Last week I looked at the possibility of a VIX spike. VIX is now falling quickly after a sharp spike:

When VIX fell more than -30% over a 3 day historical period, the S&P 500 was almost always higher 6-12 months later, although this could first lead to more short term volatility in the stock market:

Options

Last week’s volatility wrung a little bit of the speculative juices out of the market.
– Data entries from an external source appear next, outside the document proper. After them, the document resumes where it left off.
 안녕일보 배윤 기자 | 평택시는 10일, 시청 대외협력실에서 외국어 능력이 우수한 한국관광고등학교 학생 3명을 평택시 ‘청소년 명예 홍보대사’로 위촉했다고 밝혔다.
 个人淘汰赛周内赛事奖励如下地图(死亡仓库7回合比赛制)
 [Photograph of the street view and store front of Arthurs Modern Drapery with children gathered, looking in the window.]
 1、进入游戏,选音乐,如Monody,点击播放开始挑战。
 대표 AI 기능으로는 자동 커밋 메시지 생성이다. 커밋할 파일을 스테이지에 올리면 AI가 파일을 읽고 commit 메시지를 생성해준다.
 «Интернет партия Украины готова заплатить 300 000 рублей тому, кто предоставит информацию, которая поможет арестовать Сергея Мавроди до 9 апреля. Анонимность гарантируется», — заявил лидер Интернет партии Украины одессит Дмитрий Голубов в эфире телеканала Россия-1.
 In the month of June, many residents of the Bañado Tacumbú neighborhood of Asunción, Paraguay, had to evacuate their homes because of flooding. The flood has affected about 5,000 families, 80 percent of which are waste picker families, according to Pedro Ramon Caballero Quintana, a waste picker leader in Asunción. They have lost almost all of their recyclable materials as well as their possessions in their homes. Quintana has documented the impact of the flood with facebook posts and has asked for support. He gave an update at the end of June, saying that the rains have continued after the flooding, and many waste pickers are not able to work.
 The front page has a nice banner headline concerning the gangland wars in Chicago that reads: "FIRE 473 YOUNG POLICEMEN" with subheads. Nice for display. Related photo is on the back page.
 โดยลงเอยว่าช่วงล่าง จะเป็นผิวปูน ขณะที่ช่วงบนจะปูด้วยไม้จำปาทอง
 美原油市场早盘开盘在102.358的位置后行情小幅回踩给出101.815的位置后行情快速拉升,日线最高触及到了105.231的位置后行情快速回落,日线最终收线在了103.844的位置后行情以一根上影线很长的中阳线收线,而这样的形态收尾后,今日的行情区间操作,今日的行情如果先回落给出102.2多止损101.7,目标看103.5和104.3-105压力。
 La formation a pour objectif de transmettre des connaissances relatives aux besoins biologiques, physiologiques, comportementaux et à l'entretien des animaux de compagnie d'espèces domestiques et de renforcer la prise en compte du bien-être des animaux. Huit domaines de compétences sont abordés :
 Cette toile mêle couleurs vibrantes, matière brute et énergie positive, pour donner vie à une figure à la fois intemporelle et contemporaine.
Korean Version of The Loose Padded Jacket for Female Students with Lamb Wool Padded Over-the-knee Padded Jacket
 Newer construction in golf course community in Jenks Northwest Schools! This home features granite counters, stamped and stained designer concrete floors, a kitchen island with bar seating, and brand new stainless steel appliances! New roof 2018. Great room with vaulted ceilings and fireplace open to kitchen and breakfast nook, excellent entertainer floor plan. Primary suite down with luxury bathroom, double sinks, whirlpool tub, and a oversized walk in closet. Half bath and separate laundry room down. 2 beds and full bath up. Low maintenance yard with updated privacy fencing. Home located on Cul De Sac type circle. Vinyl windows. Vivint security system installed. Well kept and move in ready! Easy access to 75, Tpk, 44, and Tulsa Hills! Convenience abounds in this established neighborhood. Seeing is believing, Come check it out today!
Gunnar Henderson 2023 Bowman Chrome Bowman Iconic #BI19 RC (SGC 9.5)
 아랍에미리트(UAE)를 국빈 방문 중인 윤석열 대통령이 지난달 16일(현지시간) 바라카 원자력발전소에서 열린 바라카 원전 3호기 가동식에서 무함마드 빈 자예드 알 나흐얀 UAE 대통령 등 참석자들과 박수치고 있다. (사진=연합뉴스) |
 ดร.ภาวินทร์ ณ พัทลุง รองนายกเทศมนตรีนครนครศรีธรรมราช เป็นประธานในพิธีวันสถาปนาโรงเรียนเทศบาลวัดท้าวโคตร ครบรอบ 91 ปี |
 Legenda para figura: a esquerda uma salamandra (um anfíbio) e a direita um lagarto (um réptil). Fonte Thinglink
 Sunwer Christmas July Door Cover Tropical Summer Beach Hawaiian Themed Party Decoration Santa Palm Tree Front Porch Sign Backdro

A 1 month average of IWM (Russell 2000 ETF) calls – puts volume has fallen to the lowest level in a decade: even lower than during the March 2020 stock market crash.

Over the past 10 years this was a bullish factor for the Russell 2000 over the next 3 months:

And it was a bullish factor for the S&P 500:

Steepening yield curve

The yield curve is steepening after inverting in 2019. Commodities around the world are trending higher on a global re-flation theme.

Historically, a steepening yield curve after a yield curve inversion was bullish for gold over the next 6 months:

Oil’s recovery

Oil has broken above its 200 week moving average for the first time since last March’s plunge:

When oil broke above such key long term resistance in the past, it usually pushed a little higher over the next month:

Conclusion

  1. Short term trend followers should continue to ride the bull trend because no one knows exactly when it will end.
  2. Medium term traders should go neither long nor short.
  3. Long term investors should be highly defensive right now. This speculative bull market may last another 6 months or even 9 months, but in 2 years time, long term investors will be glad they did not buy today.